Макс был в Коктебеле. Он не прославлял революцию и не проклинал её. Он пытался многое понять. Он не цитировал больше ни Вилье де Лилль Адана, ни прорицания Казотта, а погрузился в русскую историю и в свои раздумья. Понять революцию он не смог, но в вопросах, которые он себе ставил, была несвойственная ему серьезность. Когда я был в Коктебеле, он показал себя мужественным; в мае 1920 года он спрятал на чердаке своего дома большевика И. Хмельницкого-Хмилько, участника подпольной конференции. Ночью пришли к Волошину врангелевцы, требовали выдать Хмельницкого: среди участников конференции оказался провокатор. Максимилиан Александрович заявил, что никого у него нет. Хмельницкий выдал себя неосторожным движением.

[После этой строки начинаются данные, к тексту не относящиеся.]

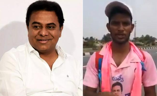 టీఆర్ఎస్ పార్టీకి తెలంగాణలోనే కాకుండా ఆంధ్రప్రదేశ్లోనూ అభిమానులు ఉన్నారనే సంగతి తెలిసిందే. తెలంగాణలో మరోసారి టీఆర్ఎస్ పార్టీయే అధికారం చేపట్టాలని, కేసీఆరే ముఖ్యమంత్రి కావాలని తాజాగా కేసీఆర్పై అభిమానంతో ఓ యువకుడు విజయవాడ నుంచి హైదరాబాద్కు పాదయాత్ర చేపట్టాడు. నెలూరు జిల్లాకు చెందిన రోహిత్ కుమార్ రెడ్డి కేటీఆర్ వీరాభిమాని. తన గుండెపై కేటీఆర్ రూపాన్ని టాటూగా వేయించుకున్నాడు. గులాబీ దుస్తుల్లో విజయవాడ నుంచి కాలినడకన హైదరాబాద్కు బయలుదేరాడు. అయితే ఆ యువకుడు చేసిన పనికి మంత్రి కేటీఆర్ ఫిదా అయ్యారు. ట్వీటర్ వేదికగా అతనికి ధన్యవాదాలు తెలిపారు. ‘రోహిత్ రెడ్డి నీ ప్రేమకు, అభిమానానికి ధన్యవాదాలు. ఏపీకి చెందిన రోహిత్.. కేసీఆర్, టీఆర్ఎస్కు మద్దతుగా విజయవాడ నుంచి పాదయాత్ర చేస్తున్నారు’ అని ట్వీట్ చేశారు.
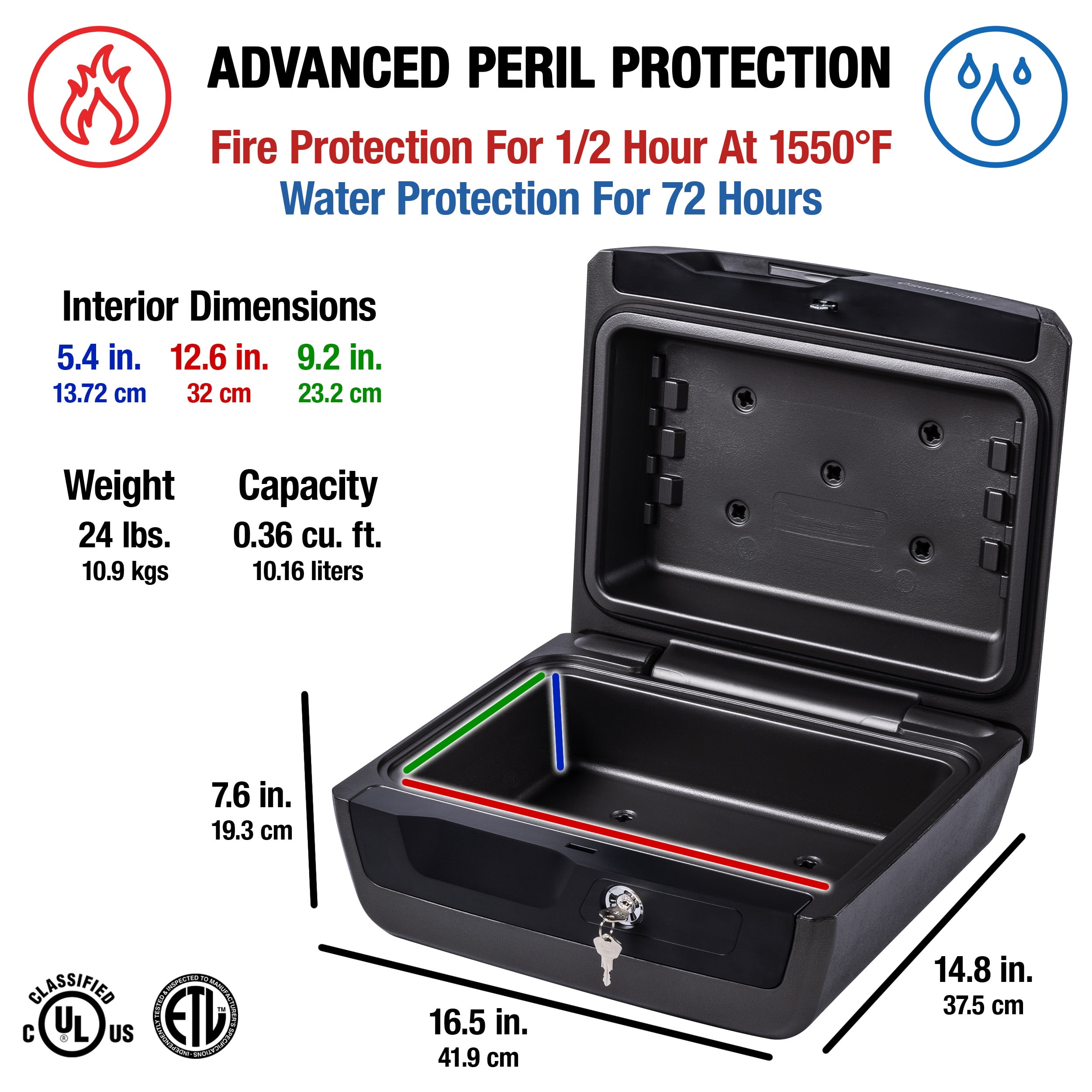 Safe Box, fire-resistant and water-resistant, keeps important papers, digital media and other valuables secure and protected from fire and flood and comes equipped with convenient carrying handle Fire safe box is UL classified for fire endurance (1/2 hour at 1550F) to protect documents and valuables; ETL verified (1/2 hour at 1550F) to protect CDs, DVDs, memory sticks and USB drives ETL verified for water submersion to protect against flood damage up to 72 hours Fire resistant safe has a tubular key lock for added security and to prevent the lid from opening in the event of fire; includes two keys Built-in straps for easy storage of passports and other documents. Safety box holds A4 size paper flat; Dimensions: Exterior – 7.6 in H X 14.8 in D X 16.5 in W, Interior – 5.4 in H X 9.2 in D X 12.6 in W
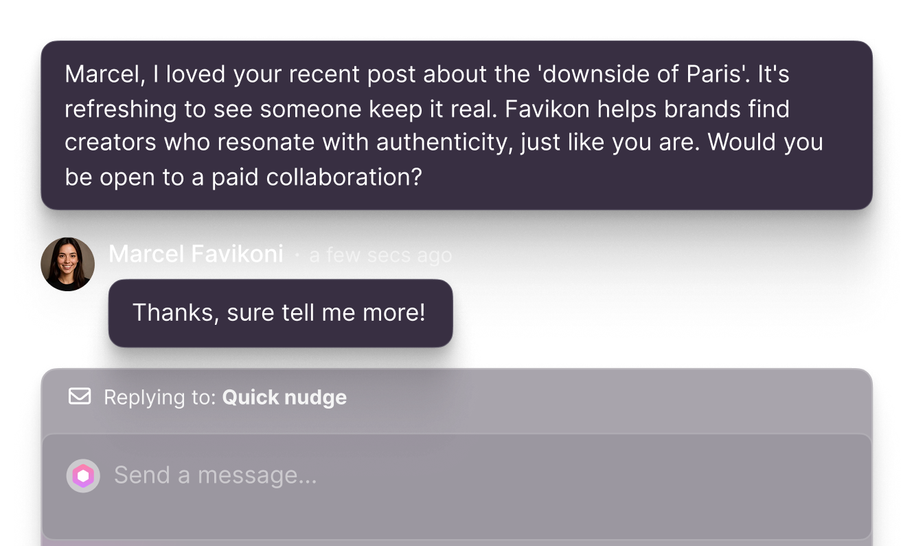 You can contact creators across four channels: email, social media DMs and Favikon DMs. All from the same campaign, in a single automated sequence.
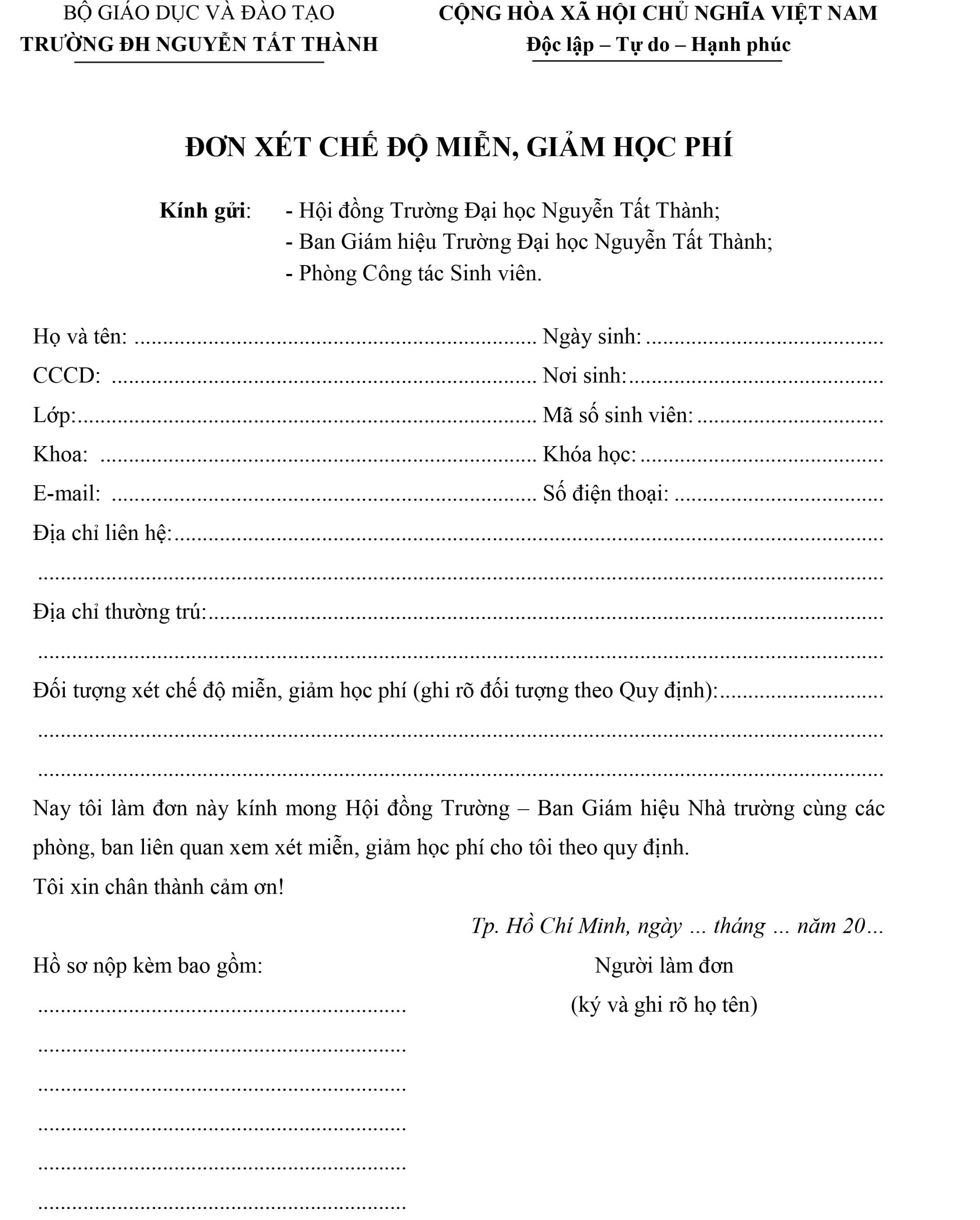 BIỂU MẪU ĐƠN XÉT CHẾ ĐỘ MIỄN GIẢM HỌC PHÍ
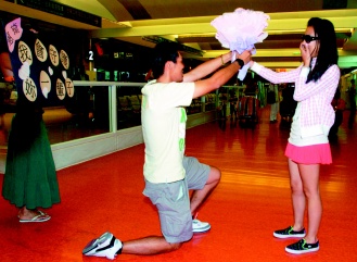機(jī)場大廳上演浪漫求婚
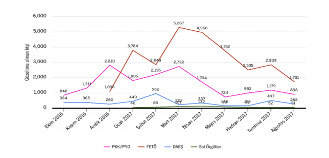 *“Terör örgütleriyle irtibatı olduğu değerlendirilen” 50 bin 587 kişi hakkında gözaltı işlemi uygulandı. Gözaltına alınanların yüzde 57’si (28 bin 803 kişi) “FETÖ/PDY”, yüzde 40’ı (17 bin 196 kişi) “PKK/PYD” ve yüzde 7,9’u (4 bin16 kişi) “DAEŞ” ve yüzde 1,1’i (572 kişi) “sol örgütler” ile ilişkili olarak nitelendirildi.
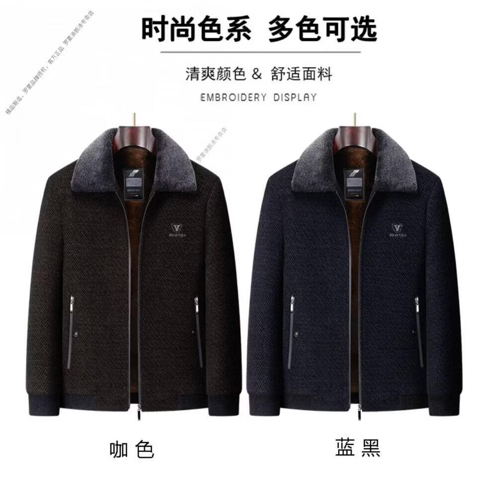 ROMON veste chenille pour hommes d'âge moyen et âgés hiver manteau en coton en laine pour hommes d'âge moyen veste d'hiver en velours de coton épaissi pour papa A006 # velours de style revers bleu noir épaissi M 170 (recommandé 90-115Jin Jin est égal à environ 0,5 kg)
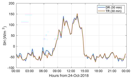 Sensible heat flux of a typical clear-sky day (24 October 2018) after DR or TR. This data was classified as high A.
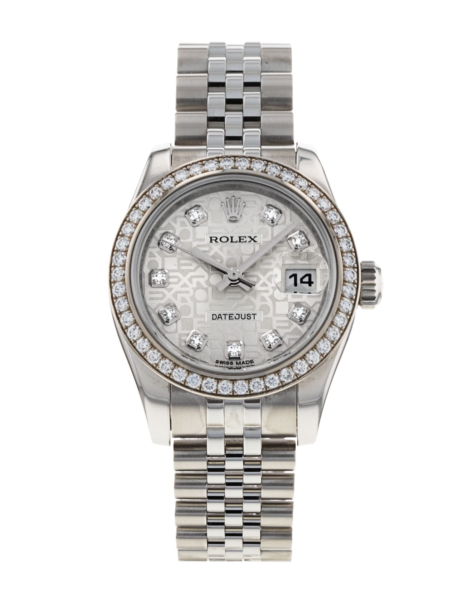 This Rolex Datejust Lady 179384 has a silver jubilee diamond dial and a bracelet strap. This Rolex has undergone a thorough inspection of water resistance, accuracy, functionality and condition to determine the level of reconditioning required to meet our strict standards. It has also been referenced against technical documents and manufacturer records where available to ensure authenticity and a clean history. All our watches have a 24-month warranty for your peace of mind. One of our skilled polishing technicians has removed marks on the case and bracelet of this watch, brought about by daily wear and tear, which is why this watch does not come with the remaining manufacturer’s warranty.

Белые арестовали поэта Мандельштама — какая-то женщина заявила, будто он пытал её в Одессе. Волошин поехал в Феодосию, добился приема у начальника белой разведки, которому сказал: «По характеру вашей работы вы не обязаны быть осведомленным о русской поэзии. Я приехал, чтобы заявить, что арестованный вами Осип Мандельштам — большой поэт». Он помог Мандельштаму, а потом и мне выбраться из врангелевского Крыма. Он делал это не потому, что проникся идеями революции, нет, но он был человеком смелым, любил поэзию, любил Россию — как его ни звали за границу и те же Цетлины, и другие писатели, он остался в Коктебеле. Умер он в 1932 году.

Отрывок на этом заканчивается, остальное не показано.